# [Exercise aim]
Set down each line of the records once more, precisely, and omit the pictures.

# [Data provided]
------------------------------------------------

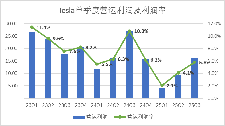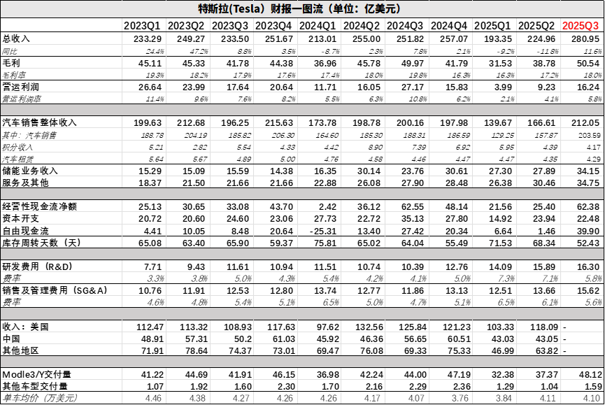 美东时间10月22日美股盘后,特斯拉公布了2025年第三季度的财务报告,录得总营收280.95亿美元,明显高于分析师预期的264亿美元;营运利润16.24亿美元,也略高于分析师预测15.8亿美元;Non-Gaap下EPS录得0.5美元,略低于分析师预测0.55美元。
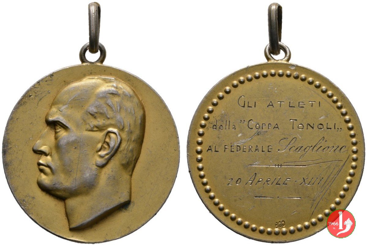 Coppa Tonoli -C- Dritto: testa di Mussolini a sx Verso: nel campo, inciso: GLI ATLETI = della "COPPA TONOLI" = AL FEDERALE Scaglione = - = 20 APRILE XIII = - • - | |
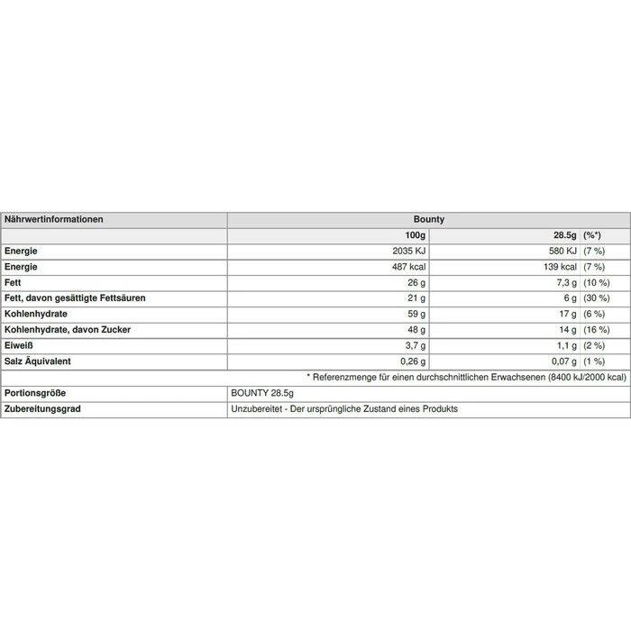 BOUNTY – Zucker, Kokosraspel (21%), Glukosesirup, Kakaobutter, Kakaomasse, MAGERMILCHPULVER, Emulgatoren (SOJALECITHIN, E471), MILCHZUCKER, Butterreinfett (aus MILCH), Süssmolkenpulver (aus MILCH), Feuchthaltemittel (Glycerin), Salz, natürlicher Vanilleextrakt.
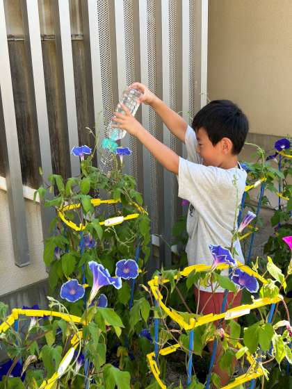 「今日は6個、咲いてる!」「ぼくは5つ!」元気な声が聞こえてきます。毎朝、水やりをしながら花の数を数え、アサガオの日々の成長や変化に気づくことができました。
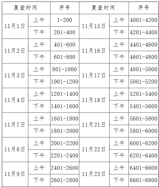 11月1日-11月28日(法定工作日工作時間),具體安排如下表
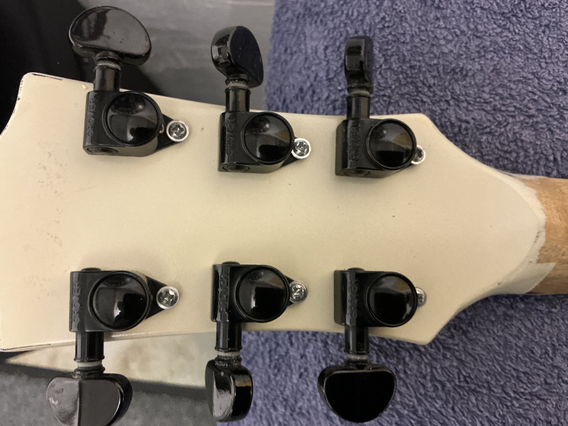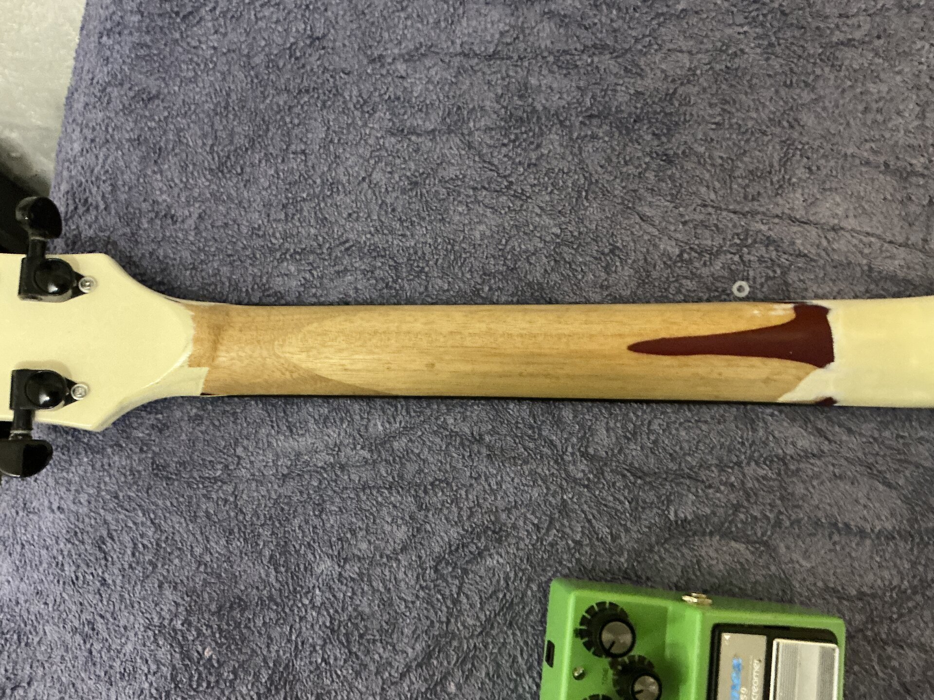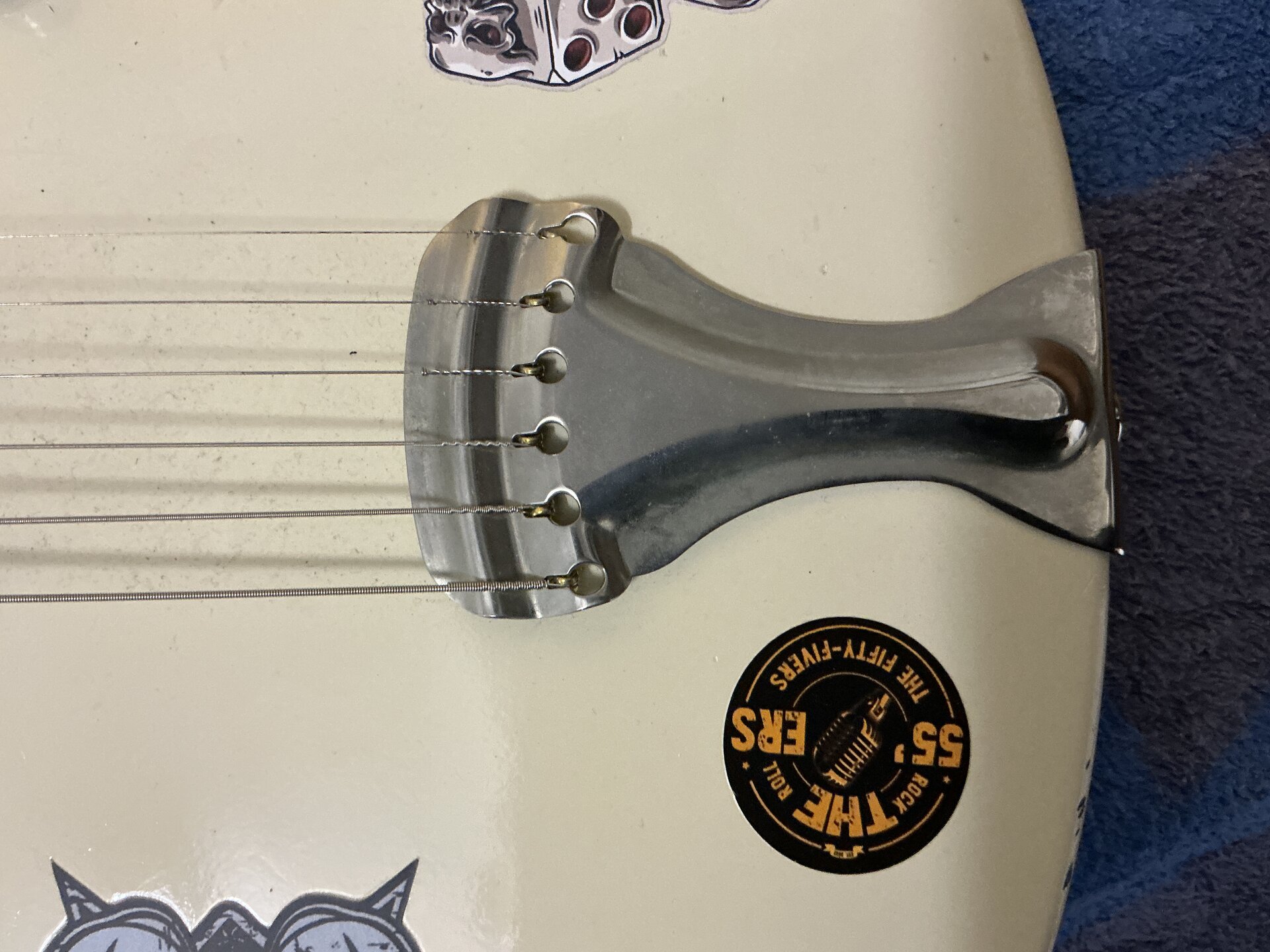 Und zu guter letzt ein Rocknrollbrett mit Mojo P90 Tonabnehmer,Killswitch,Webersattel und Nylonreiter in TV Yellow Roadworn,ein absolutes Unikat/Eigenbau,super Saitenlage,langes Sustain und fetter Sound.

------------------------------------------------

# [Task answer]
 美东时间10月22日美股盘后,特斯拉公布了2025年第三季度的财务报告,录得总营收280.95亿美元,明显高于分析师预期的264亿美元;营运利润16.24亿美元,也略高于分析师预测15.8亿美元;Non-Gaap下EPS录得0.5美元,略低于分析师预测0.55美元。
 Coppa Tonoli -C- Dritto: testa di Mussolini a sx Verso: nel campo, inciso: GLI ATLETI = della "COPPA TONOLI" = AL FEDERALE Scaglione = - = 20 APRILE XIII = - • - | |
 BOUNTY – Zucker, Kokosraspel (21%), Glukosesirup, Kakaobutter, Kakaomasse, MAGERMILCHPULVER, Emulgatoren (SOJALECITHIN, E471), MILCHZUCKER, Butterreinfett (aus MILCH), Süssmolkenpulver (aus MILCH), Feuchthaltemittel (Glycerin), Salz, natürlicher Vanilleextrakt.
 「今日は6個、咲いてる!」「ぼくは5つ!」元気な声が聞こえてきます。毎朝、水やりをしながら花の数を数え、アサガオの日々の成長や変化に気づくことができました。
 11月1日-11月28日(法定工作日工作時間),具體安排如下表
 Und zu guter letzt ein Rocknrollbrett mit Mojo P90 Tonabnehmer,Killswitch,Webersattel und Nylonreiter in TV Yellow Roadworn,ein absolutes Unikat/Eigenbau,super Saitenlage,langes Sustain und fetter Sound.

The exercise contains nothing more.